[REQUIRED WORK]: In the records that follow, find the line containing "羊毛フェルト達を入れてみたら、ちょっと狭過ぎてギュウギュウw" and the line containing "餐饮也被深度主题化。Oddw", then transcribe both and every line between them exactly, omitting pictures.

[RECORDS FOR THIS EXERCISE]:

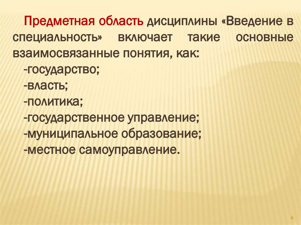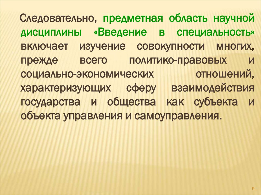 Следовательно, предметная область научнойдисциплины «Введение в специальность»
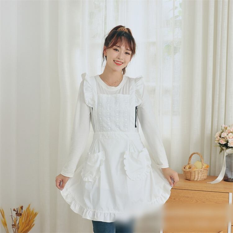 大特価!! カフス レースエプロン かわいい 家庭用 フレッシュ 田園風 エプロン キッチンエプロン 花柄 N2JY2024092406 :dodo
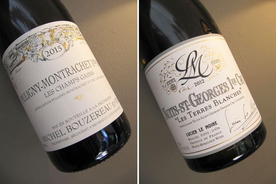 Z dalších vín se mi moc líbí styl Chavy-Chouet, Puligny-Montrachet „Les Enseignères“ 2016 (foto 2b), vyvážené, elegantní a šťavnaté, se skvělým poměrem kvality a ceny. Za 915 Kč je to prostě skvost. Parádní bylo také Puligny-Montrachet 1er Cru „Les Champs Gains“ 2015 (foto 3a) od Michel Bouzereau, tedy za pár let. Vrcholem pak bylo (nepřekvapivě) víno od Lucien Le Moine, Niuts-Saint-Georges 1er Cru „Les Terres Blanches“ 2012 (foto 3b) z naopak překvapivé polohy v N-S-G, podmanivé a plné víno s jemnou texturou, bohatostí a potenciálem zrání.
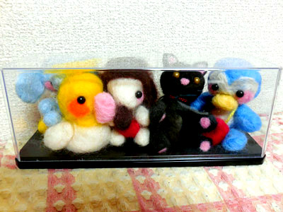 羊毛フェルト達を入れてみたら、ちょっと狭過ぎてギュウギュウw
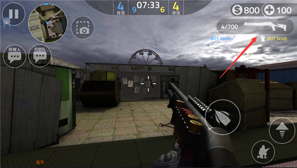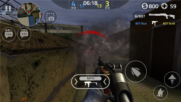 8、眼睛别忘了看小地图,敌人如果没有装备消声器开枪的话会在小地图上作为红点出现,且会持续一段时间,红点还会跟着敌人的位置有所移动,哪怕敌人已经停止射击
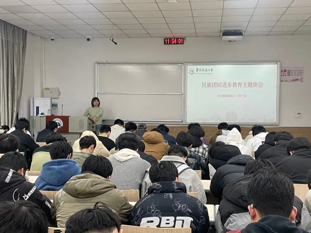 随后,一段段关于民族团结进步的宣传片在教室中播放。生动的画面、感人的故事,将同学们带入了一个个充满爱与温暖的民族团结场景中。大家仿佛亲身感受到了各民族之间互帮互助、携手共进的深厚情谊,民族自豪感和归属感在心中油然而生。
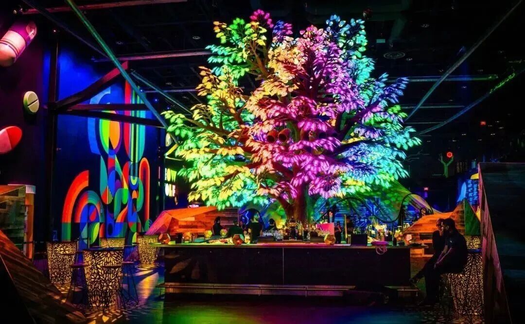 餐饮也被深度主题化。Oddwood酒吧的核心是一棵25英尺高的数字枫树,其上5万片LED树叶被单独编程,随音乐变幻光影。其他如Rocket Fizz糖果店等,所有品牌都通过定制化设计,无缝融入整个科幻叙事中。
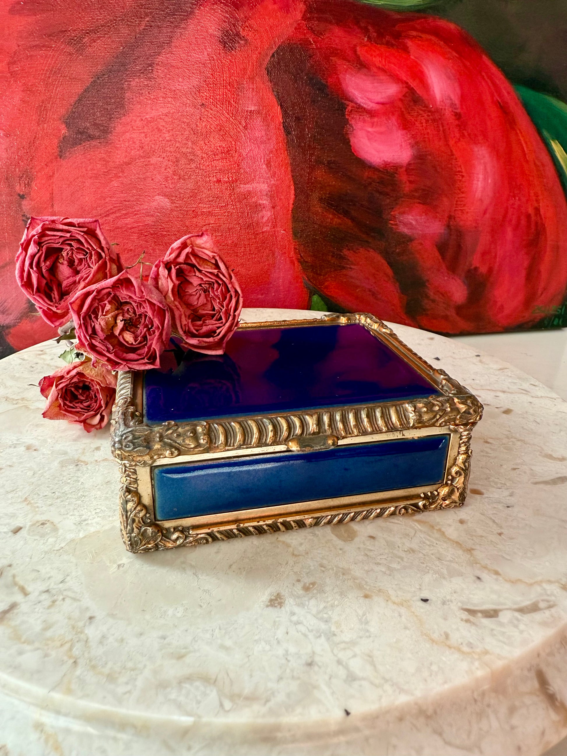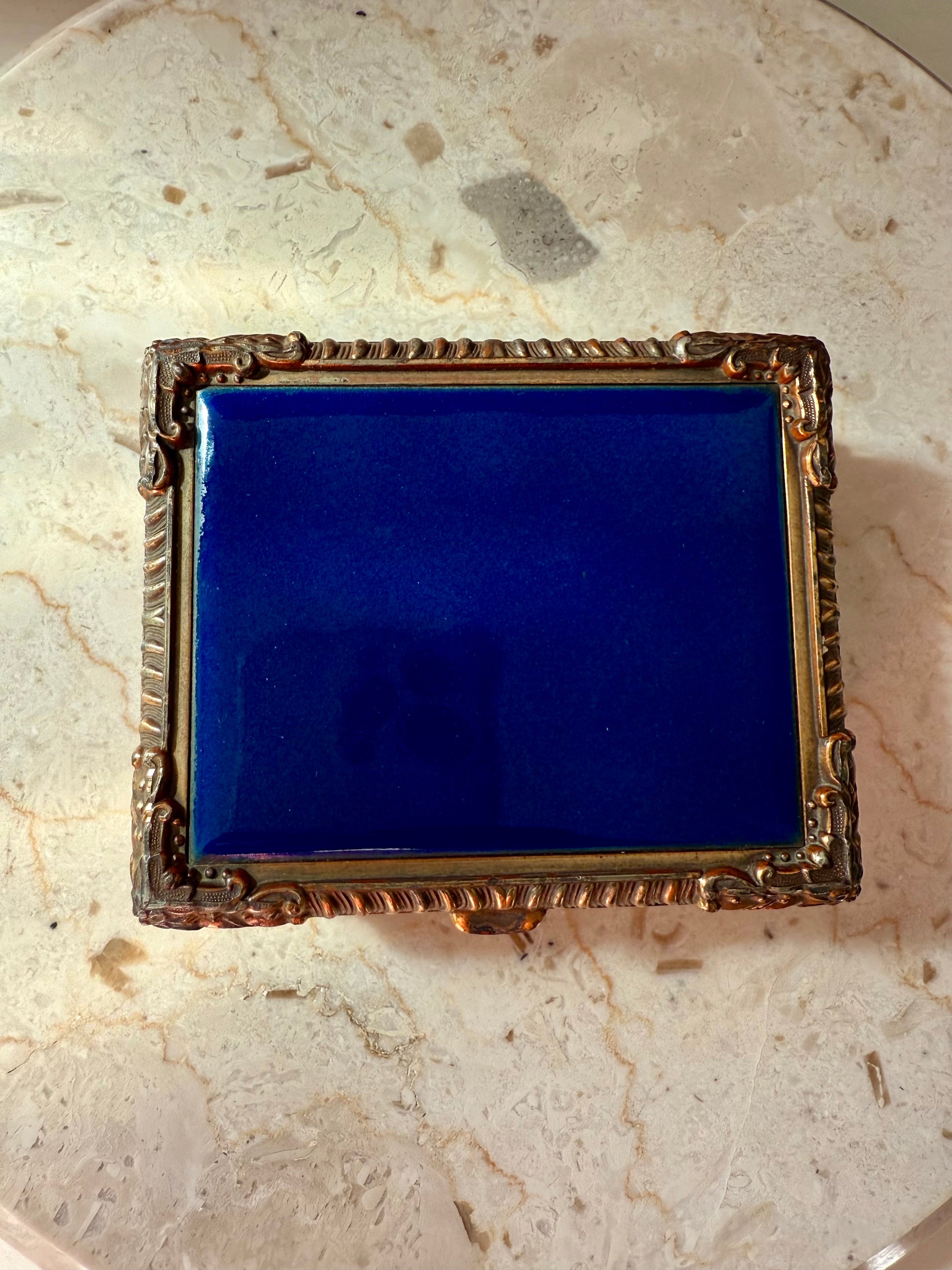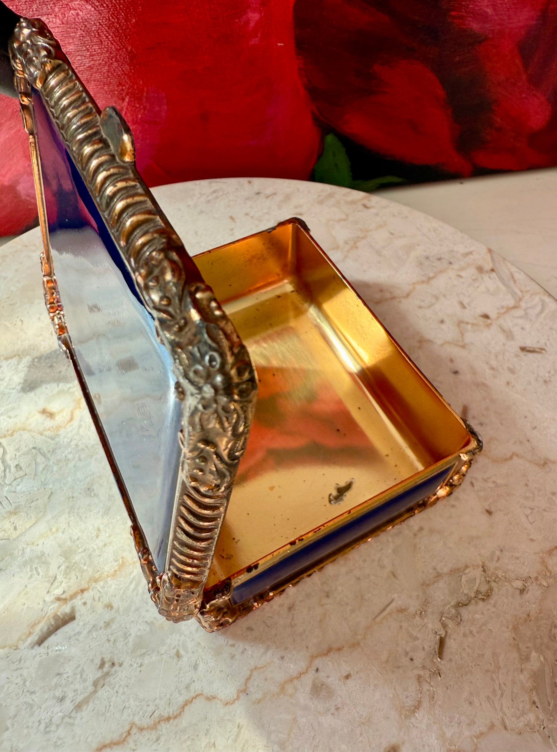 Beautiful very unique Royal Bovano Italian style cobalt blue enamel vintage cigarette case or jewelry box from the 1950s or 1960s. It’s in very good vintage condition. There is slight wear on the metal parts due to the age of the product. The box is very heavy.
--
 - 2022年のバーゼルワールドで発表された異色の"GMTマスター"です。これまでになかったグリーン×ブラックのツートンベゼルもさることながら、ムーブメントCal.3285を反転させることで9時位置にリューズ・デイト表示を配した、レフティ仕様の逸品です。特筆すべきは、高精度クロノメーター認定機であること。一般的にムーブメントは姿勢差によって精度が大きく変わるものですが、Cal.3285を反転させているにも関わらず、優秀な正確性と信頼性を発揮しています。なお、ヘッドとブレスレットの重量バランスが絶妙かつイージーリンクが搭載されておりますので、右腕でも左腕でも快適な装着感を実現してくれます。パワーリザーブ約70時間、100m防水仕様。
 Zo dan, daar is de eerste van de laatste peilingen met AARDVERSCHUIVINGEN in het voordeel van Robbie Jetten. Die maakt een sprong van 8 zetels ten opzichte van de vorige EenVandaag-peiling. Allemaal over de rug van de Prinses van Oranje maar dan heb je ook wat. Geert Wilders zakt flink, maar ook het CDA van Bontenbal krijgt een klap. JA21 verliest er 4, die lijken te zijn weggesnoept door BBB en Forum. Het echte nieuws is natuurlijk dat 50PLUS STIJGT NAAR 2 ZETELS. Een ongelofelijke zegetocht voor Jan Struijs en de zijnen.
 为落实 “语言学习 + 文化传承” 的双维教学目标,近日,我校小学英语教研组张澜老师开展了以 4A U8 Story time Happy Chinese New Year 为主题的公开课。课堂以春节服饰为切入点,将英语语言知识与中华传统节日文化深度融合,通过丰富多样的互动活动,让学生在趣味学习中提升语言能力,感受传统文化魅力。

[ANSWER SPACE]:
 羊毛フェルト達を入れてみたら、ちょっと狭過ぎてギュウギュウw
 8、眼睛别忘了看小地图,敌人如果没有装备消声器开枪的话会在小地图上作为红点出现,且会持续一段时间,红点还会跟着敌人的位置有所移动,哪怕敌人已经停止射击
 随后,一段段关于民族团结进步的宣传片在教室中播放。生动的画面、感人的故事,将同学们带入了一个个充满爱与温暖的民族团结场景中。大家仿佛亲身感受到了各民族之间互帮互助、携手共进的深厚情谊,民族自豪感和归属感在心中油然而生。
 餐饮也被深度主题化。Oddwood酒吧的核心是一棵25英尺高的数字枫树,其上5万片LED树叶被单独编程,随音乐变幻光影。其他如Rocket Fizz糖果店等,所有品牌都通过定制化设计,无缝融入整个科幻叙事中。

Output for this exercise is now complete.